Ik moet een GsmSms functieblok programmeren, ik kan er even niet aan uit. Zou iemand mij een korte uitleg geven dat ik mijn plan kan trekken.

m.v.g 
--------------------------------
Am besten,

Ich muss einen GSMSms-Funktionsblock programmieren, ich komme gerade nicht drauf. Könnte mir jemand kurz erklären, wie ich meinen Plan zeichnen kann.

Mit freundlichen Grüßen


----------



## KLM (24 Mai 2022)

Your German translation is strange and somehow doesn't make sense. Google translate unfortunately spits out the same nonsensical text. Please try it in English. I guess there aren't that many with Dutch language skills here.


----------



## Tobsucht (24 Mai 2022)

Hallo,

der Funktionsbaustein benötigt ein an einer seriellen Schnittstelle angeschlossenes GSM Modem.
Dann musst du die seriellen Parameter des Modems wie Baudrate, Anzahl der Datenbits und Parität kennen und dem Funktionsbaustein übergeben.
Das Modem muss initialisiert werden. Dies geschieht durch AT Kommandos die im String sModemInit vorgegeben werden müssen. Die AT Kommandos findest du in der Dokumentation zum Modem.
Wenn eine SMS empfangen wird, wird xRxNewSMS gesetzt und die Nachricht ist in utRxSms verfügbar.
Wenn du eine SMS senden willst, fülle utTxSms und setze xTxTriggerSms.


Grüße


----------



## mehmetg (25 Mai 2022)

KLM schrieb:


> Your German translation is strange and somehow doesn't make sense. Google translate unfortunately spits out the same nonsensical text. Please try it in English. I guess there aren't that many with Dutch language skills here.


Best,

I have to program a GSM SMS function block, I can't get it out right now. Would someone give me a short explanation that I can draw my plan.

Best regards


----------



## mehmetg (25 Mai 2022)

Tobsucht schrieb:


> Hallo,
> 
> der Funktionsbaustein benötigt ein an einer seriellen Schnittstelle angeschlossenes GSM Modem.
> Dann musst du die seriellen Parameter des Modems wie Baudrate, Anzahl der Datenbits und Parität kennen und dem Funktionsbaustein übergeben.
> ...


Hallo,

What you see in the photos I already have/Was auf den Bildern zu sehen ist, habe ich bereits.. 

Grübe


----------



## KLM (25 Mai 2022)

As far as I can see, you just declared the I_Port as a local variable, but didn't assign it to a real port.
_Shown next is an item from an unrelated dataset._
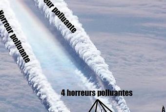Mais ce n’est pas tout. Depuis l’avènement des avions à réaction, la pollution a pris un tour à la fois mondial et éléphantesque : une grande partie des déplacements de ces engins bruyants provoquent des traînées disgracieuses dans le ciel qui, non content de larder l’azur de banderoles fumeuses, ont la fâcheuse manie de favoriser le réchauffement climatique. Oui, vous avez bien lu : les trainées de condensation laissées par les avions dans leur voyage ont un impact sur le réchauffement climatique en augmentant l’effet de serre, c’est comme ça, c’est dit, c’est tout, ne discutez pas.
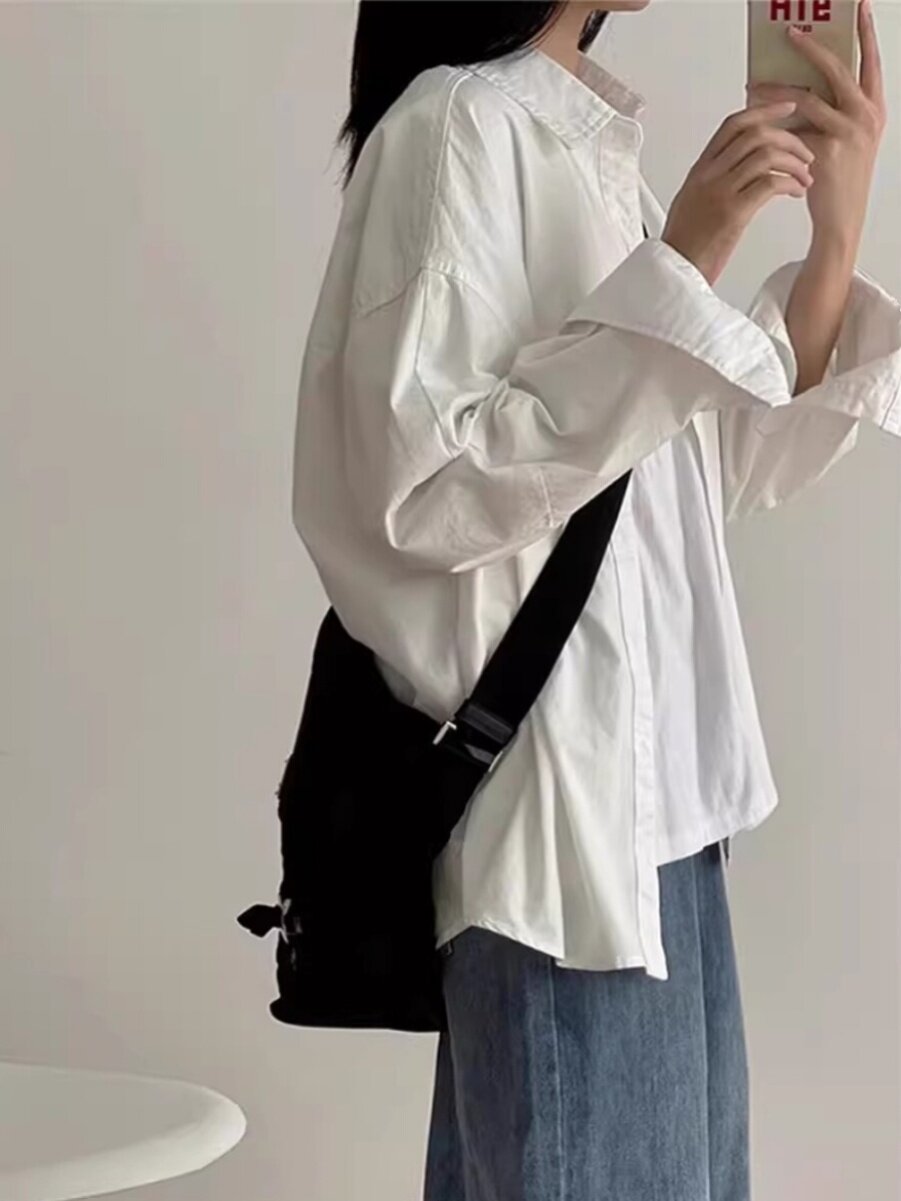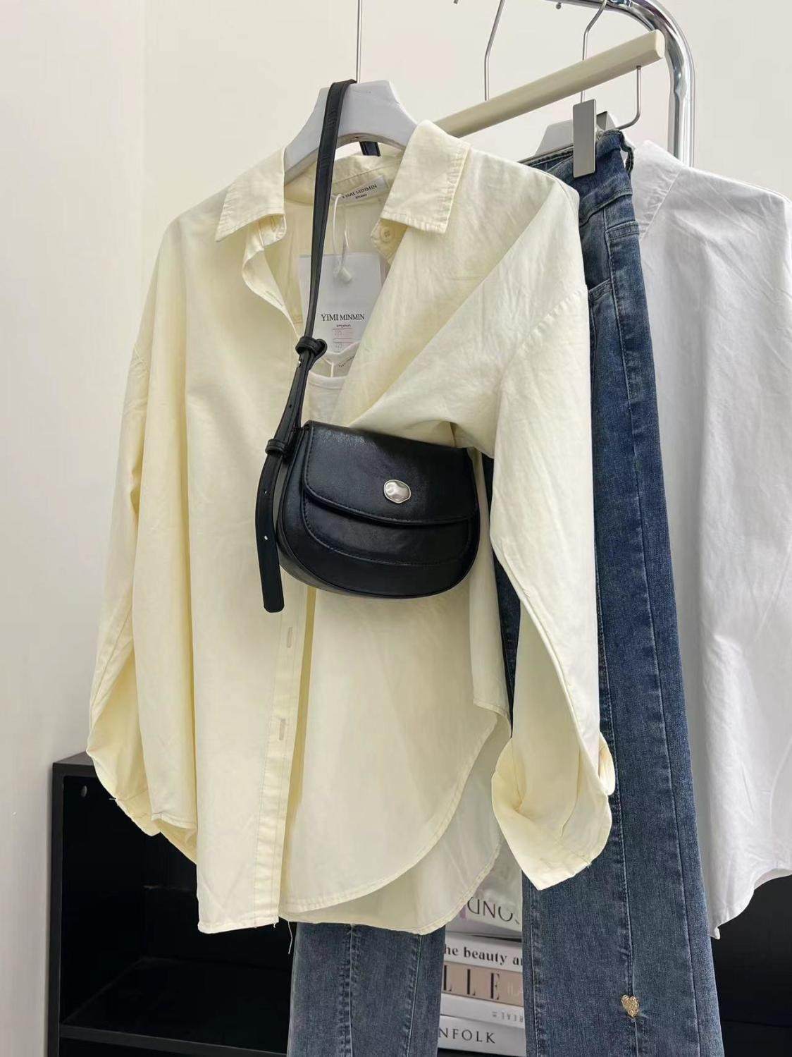 春装女款2024年新款浅绿色纯棉长袖衬衫女法式轻奢上衣夏季外套

I_Port is the serial port to use. Don't create a local variable there, but map the serial interface. You can find it with [F2] under io_globals. For serial module this is the name of the module in the hardware configuration, the on-board interface is called COM0 if you haven't renamed it.
Edit: And you left the modem init string empty. It must be filled with the AT command for the init, which can be found in the modem's manual.
Edit2: At the library manual (see your own linked dokument) at page 9 you will find an example: ‘ATE0|AT+CMGF=0|AT+CNMI=2,0,0,0,0|AT+CMGL=0|’


----------